Его особенно возбуждала в женщинах леность и прохладца, когда они отдаются вполсилы, как бы между прочим. С одной из коллег они как-то оказались наедине в офисе: готовили служебный документ, обсуждали детали. Оба занимались литературой, в том числе пушкинским наследием, а тут приходилось корпеть над канцелярской рутиной. К тому же отношения между ними сложились сухие, натянутые, поскольку к Пушкину они подходили с разных сторон. Он – с эстетической, она – с биографической. Он прослеживал линию Пушкин – Пастернак, а она Пушкин – Ахматова. Сейчас, в этом тоскливом согласовании официального текста, в натужном поиске обтекаемых фраз, между ними повисло раздражение, уже готовое взорваться.
– Нет, так не пойдёт, – в очередной раз она отклонила его вариант.
Угрюмо и надменно замолчала. Рыжеватые волосы с медным отливом. И вдруг он почувствовал острейший укол желания. В очередной паузе, когда работа опять застопорилась, он вдруг набрался смелости – и бросился как в омут.
– Можно поделиться гипотезой? Бывает, что накипит на душе, и весь свет не мил, и тогда вспоминаешь о роскоши простого человеческого общения. Помните у Пастернака: «Роскошь крошеной ромашки в росе, / Губы и губы на звёзды выменивать!»? Представьте, что мужчина обратился бы к женщине с большой человеческой просьбой. Он знает, что безразличен ей, и этим она ему особенно дорога; пусть такой и останется, бросит ему частицу себя с презрением, как подачку. Могла бы она ему ответить: «Если уж так хотите, вот, пожалуйста… а мне всё равно. До такой степени, что я и противиться не буду. Отговаривать, объяснять – себе дороже»?
Она усмехнулась и задумалась.
– Если уж очень безразличен, то могла бы. Вспоминается Ахматова: «Когда душа свободна и чужда медлительной истоме сладострастья…»
Поправила рукой волосы. Загадочная улыбка. Вопросительный взгляд.
– Да, здесь.
Она подошла, приподняла подол, сбросила трусики и села к нему на колени, выгнувшись и запрокинув руки за голову. Выставила вперёд груди, небрежно полуприкрытые свободной блузкой. Уселась на него как на медицинский прибор или спортивный снаряд. Чуть-чуть поёрзала, как будто выполняя предписанное упражнение. Холодно, с ленцой, отвернувшись и безучастно разглядывая стену.
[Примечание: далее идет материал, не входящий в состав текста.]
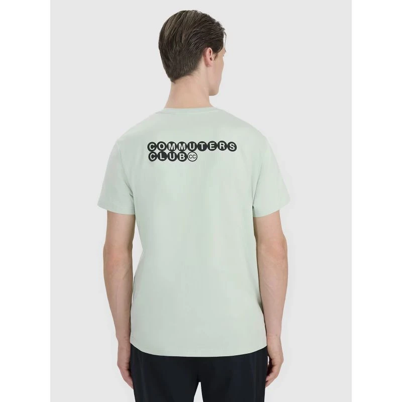 Standardowa długość sięgająca do bioder, okrągły dekolt z lekkim ribowaniem oraz nadruk z napisem "Commuters Club" na plecach dodają całości stylowego charakteru.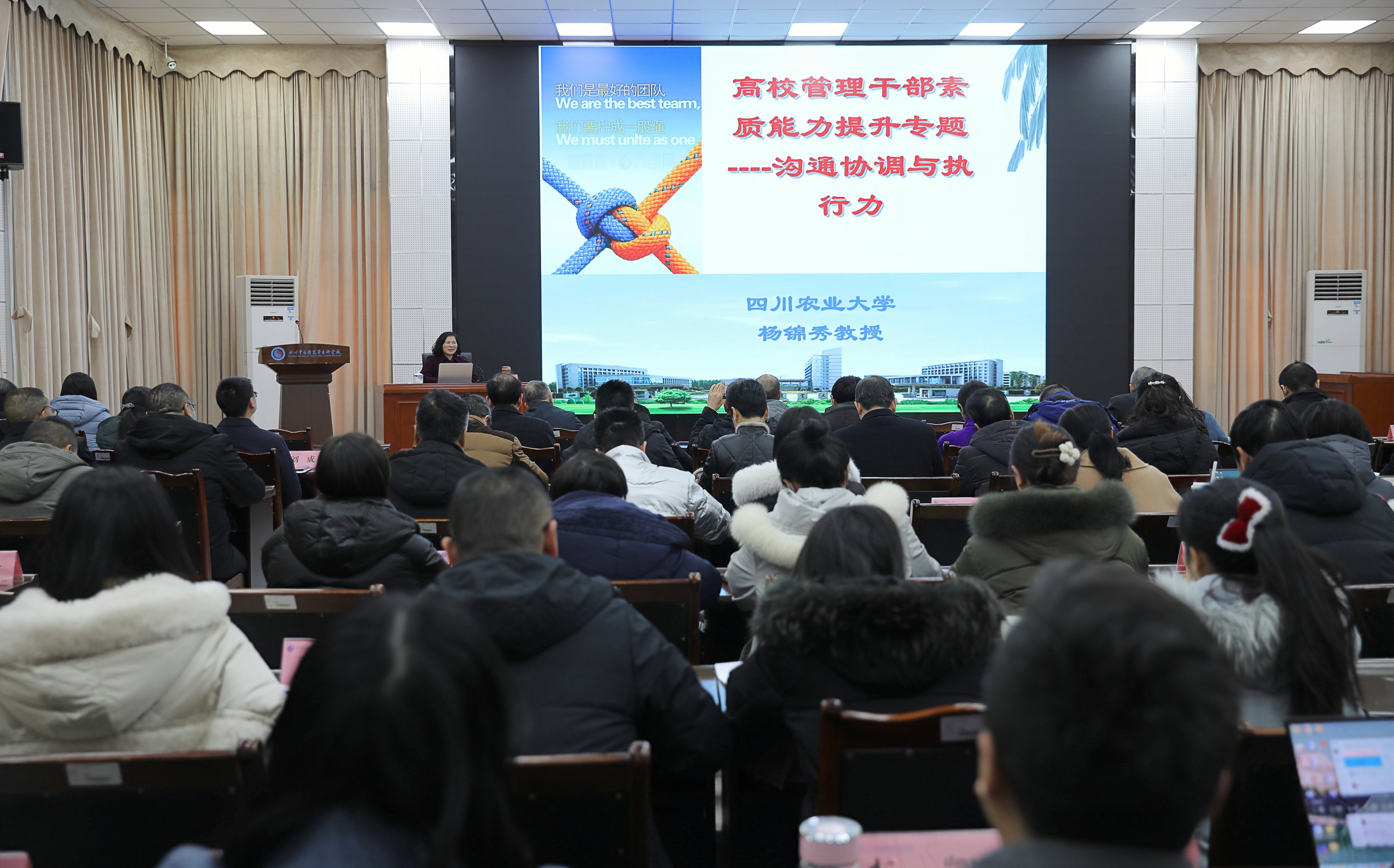 会议邀请到四川农业大学杨锦绣教授作高校管理干部素质能力提升的专题讲座,她围绕领导力、沟通能力、团队管理与建设、问题解决与创新等优秀管理干部素质能力的基本要求,深入剖析了管理概念,强调其重要性,指明目标设定、资源与绩效管理、多任务处理等管理思维能力的关键作用及相互关系,为管理干部管理能力提升提供了全面指导。

Её коленки двигались при этом машинально, будто она сбегала со ступенек или скакала через верёвочку, даже не замечая, что делает. И от этой её лени, от равнодушных поёрзываний он почти мгновенно кончил так горячо и порывисто, что она чуть с него не слетела. Извинился. И почувствовал, что хочет ещё сильнее.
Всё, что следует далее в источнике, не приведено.